Les hommes s’écartent aussitôt comme si Zimbalist courait vers un seau d’eau en tenant quelque chose en flammes dans les mains. Avant de pouvoir refermer complètement la brèche, ils voient Landsman et Berko venir vers eux et se murent dans un silence si pesant que Landsman le sent battre à ses tempes. Il entend la neige pétiller, et jusqu’au grésillement que produit chaque flocon au contact du sommet de la lanterne à gaz. Les autres rivalisent de regards méchants ou innocents, ou bien si inexpressifs qu’ils menacent de vider les poumons de Landsman de tout leur air.

— Je ne vois pas de massue, dit l’un.

Les inspecteurs Landsman et Shemets leur souhaitent un joyeux shabbat. Puis ils tournent leur attention vers les biks de la porte, deux gars bien bâtis au nez en trompette et aux yeux écarquillés, avec des cheveux roux et d’épaisses barbes laineuses de la couleur rouge doré du jus d’entrecôte. Deux Rudashevsky rouquins, des biks issus d’une longue lignée de biks, formés à la simplicité, à la stupidité, au pouvoir et à l’agilité.

— Professeur Zimbalist, dit le Rudashevsky du côté gauche de la porte, bon shabbat !

— À vous aussi, ami Rudashevsky. Je regrette de vous déranger par un après-midi aussi paisible.

Le mayven enfonce plus douillettement l’ottomane de fourrure sur sa tête. Le voilà parti pour un préambule fleuri, mais quand il finit par ouvrir le tiroir-caisse de sa bouche, aucune pièce n’en tombe. Landsman plonge la main dans sa poche. Zimbalist reste simplement planté là, les bras ballants, pensant peut-être que tout est sa faute, que les échecs ont détourné le gamin de l’angle de sa gloire tracé par Dieu, et maintenant il doit entrer dans cette maison et annoncer au père la triste fin de l’histoire. Alors, de ses doigts serrés autour du goulot lisse et glacé de la pinte de vodka canadienne, Landsman frôle l’épaule du mayven.
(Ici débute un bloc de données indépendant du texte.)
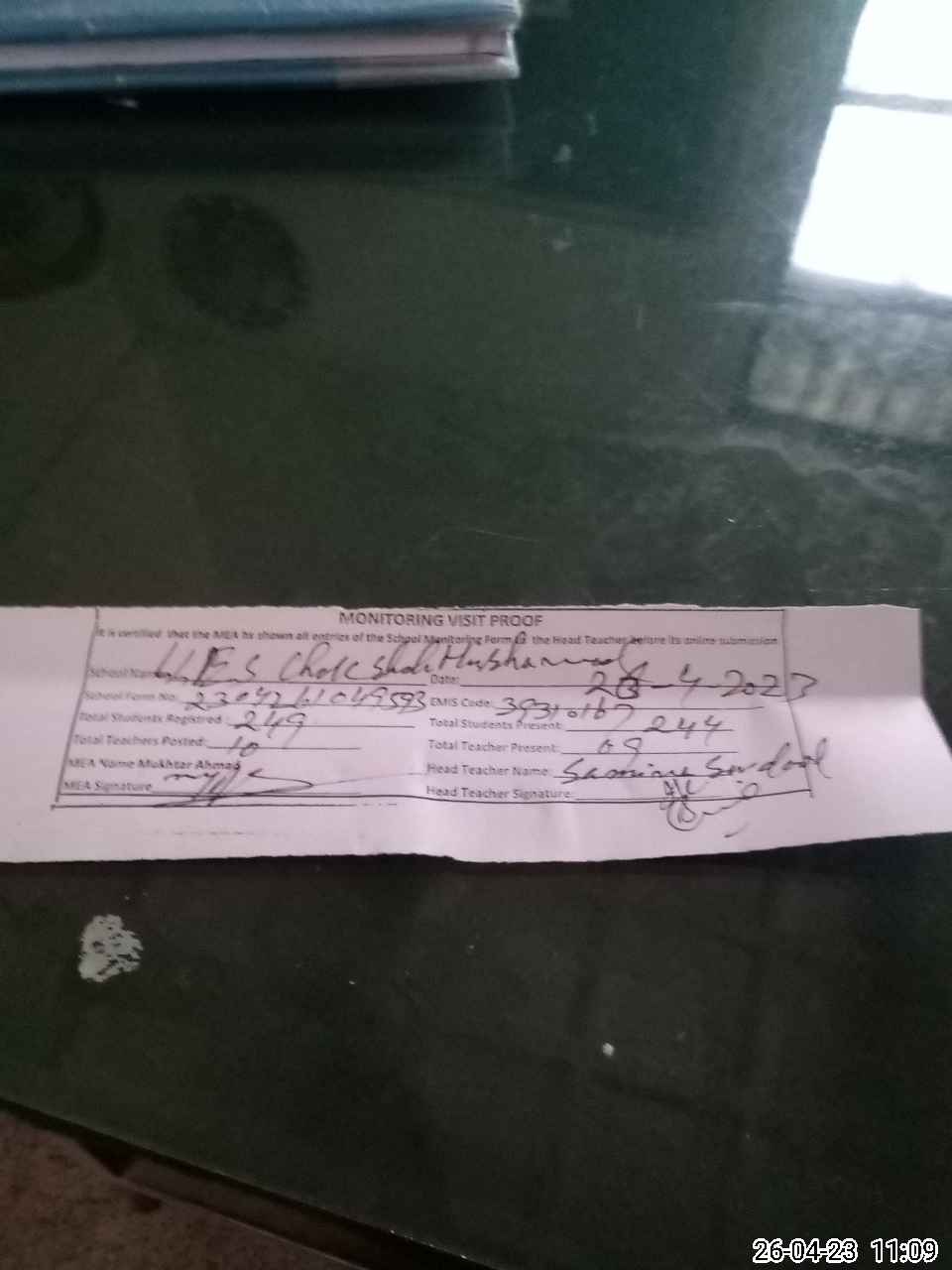 | Attendance Register | Head Teacher | MEA with School | Visit Proof |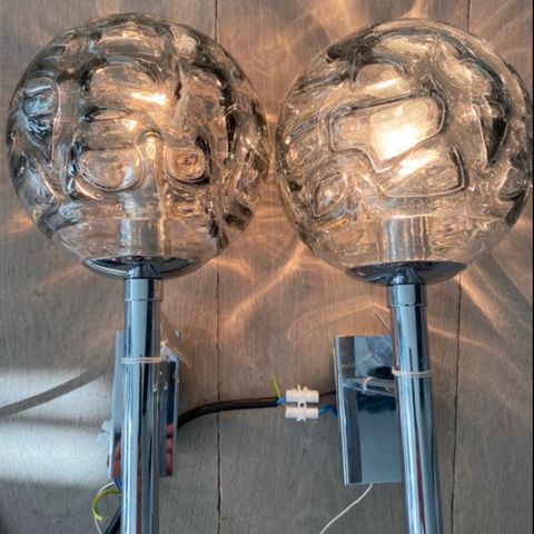 Et sæt på tre Murano-glashyldninger i blå Art Nouveau-stil fra Veneto, Italien, 1980–1990, mål 35 x 35 x 15 cm, hver med én fatning, i god brugt stand med mindre alderspletter, to tvillinger og en centralt buet lampe, i funktion. Klik på den blå "gå til varen" knap, for at købe eller byde på denne vare. Den samlede pris vil blive vist inden du afgiver dit bud.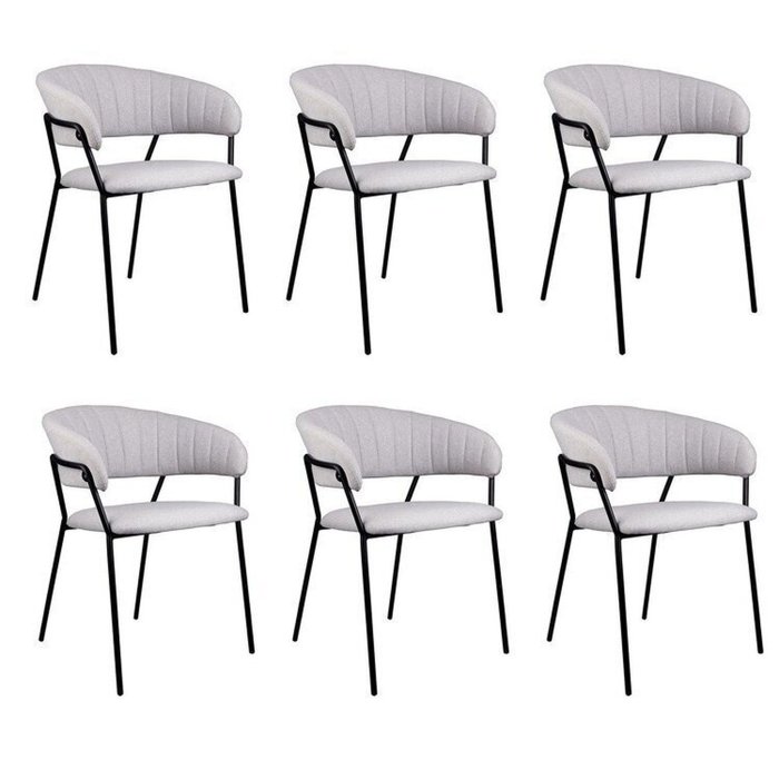Kit 06 Cadeiras para Sala de Jantar com Braços Estofado Base em Aço Mara Linho Cinza

Il tapote la bouteille contre la serre osseuse de Zimbalist jusqu’à ce que le vieux comprenne et s’en saisisse.

— Nu, Yossele, c’est l’inspecteur Shemets, dit Berko, se chargeant des opérations et louchant dans la lumière du gaz diffuse, une main en visière.
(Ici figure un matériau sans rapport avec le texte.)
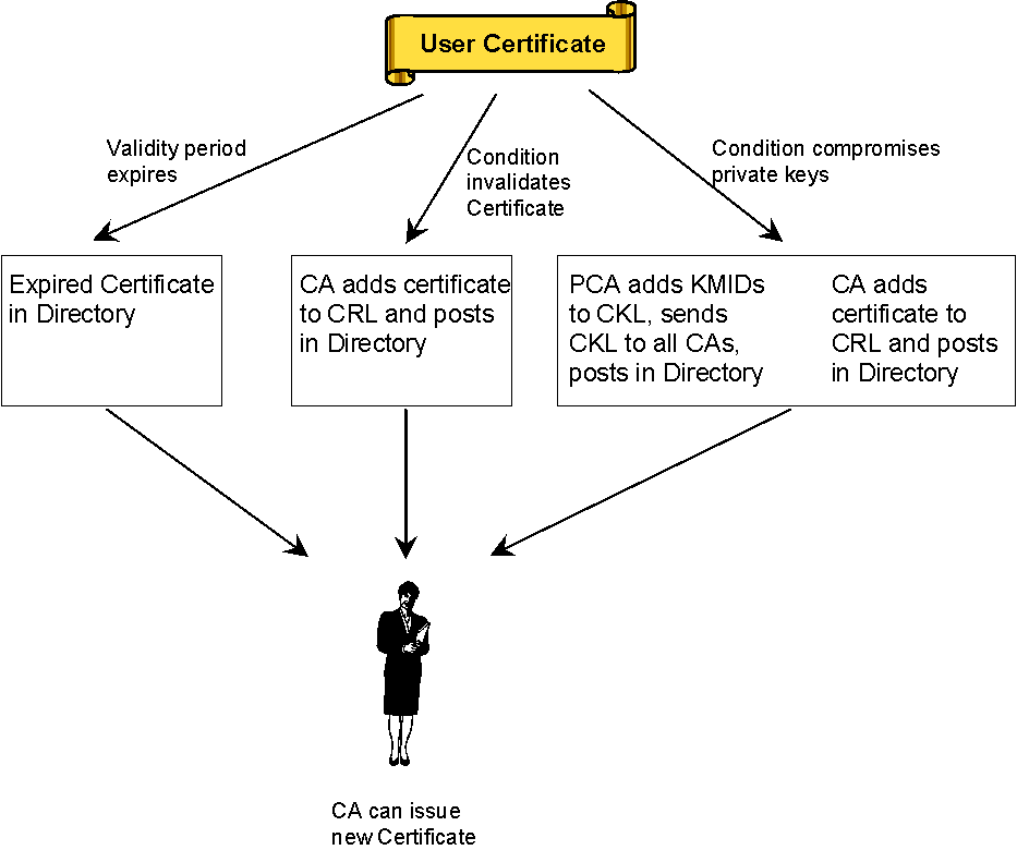Private keys may be compromised, rendering them invalid. When this occurs, the PCA under which the compromised key was issued, is notified. Then, the PCA adds the KMID for the key to the CKL. The PCA pushes the CKL to each of its subordinate CAs by the most expeditious means (e.g., e-mail). Then, the CAs expeditiously pushes the CKL to each of their end users. The CKL is also posted in the directory (DSA). Whenever a key is placed on a CKL, the corresponding certificate is revoked via a CRL. The CA must generate and electronically post the CRL.

Derrière eux, toute la bande se met à murmurer, pressentant déjà le rapide déroulement de quelque chose d’extraordinairement néfaste. Le vent ferre les flocons d’avant en arrière sur ses cent hameçons.

— Qu’est-ce qui ne va pas, Yid ?

— Inspecteur, répond le Rudashevsky de droite, peut-être le frère de Yossele, peut-être son cousin, peut-être les deux à la fois. Nous savions que vous étiez dans le quartier.
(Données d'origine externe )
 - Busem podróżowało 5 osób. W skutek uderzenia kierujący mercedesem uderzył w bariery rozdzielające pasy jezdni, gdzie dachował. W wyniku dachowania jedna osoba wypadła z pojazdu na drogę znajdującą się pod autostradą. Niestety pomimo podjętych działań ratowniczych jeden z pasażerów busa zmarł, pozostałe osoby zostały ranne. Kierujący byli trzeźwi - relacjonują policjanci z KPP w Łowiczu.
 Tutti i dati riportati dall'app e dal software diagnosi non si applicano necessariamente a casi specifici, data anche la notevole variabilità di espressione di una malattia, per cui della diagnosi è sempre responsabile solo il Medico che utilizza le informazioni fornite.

— Voici l’inspecteur Landsman, mon coéquipier. Pourriez-vous, s’il vous plaît, dire au rabbin Shpilman de bien vouloir nous accorder un moment de son temps ? Croyez-moi, nous ne le dérangerions pas à cette heure-ci si ce n’était pas si important.

Habituellement, les chapeaux noirs, même des verbovers, ne contestent pas le droit ou l’autorité des policiers à mener des opérations de police dans le Harkavy ou sur l’île Verbov. Ils ne coopèrent pas, mais n’interfèrent pas non plus. D’un autre côté, se présenter au domicile du plus grand rabbin en exil, à deux doigts du moment le plus sacré de la semaine, il faut avoir une vraiment bonne raison pour ça. Il faut venir pour lui annoncer, par exemple, la mort de son fils unique.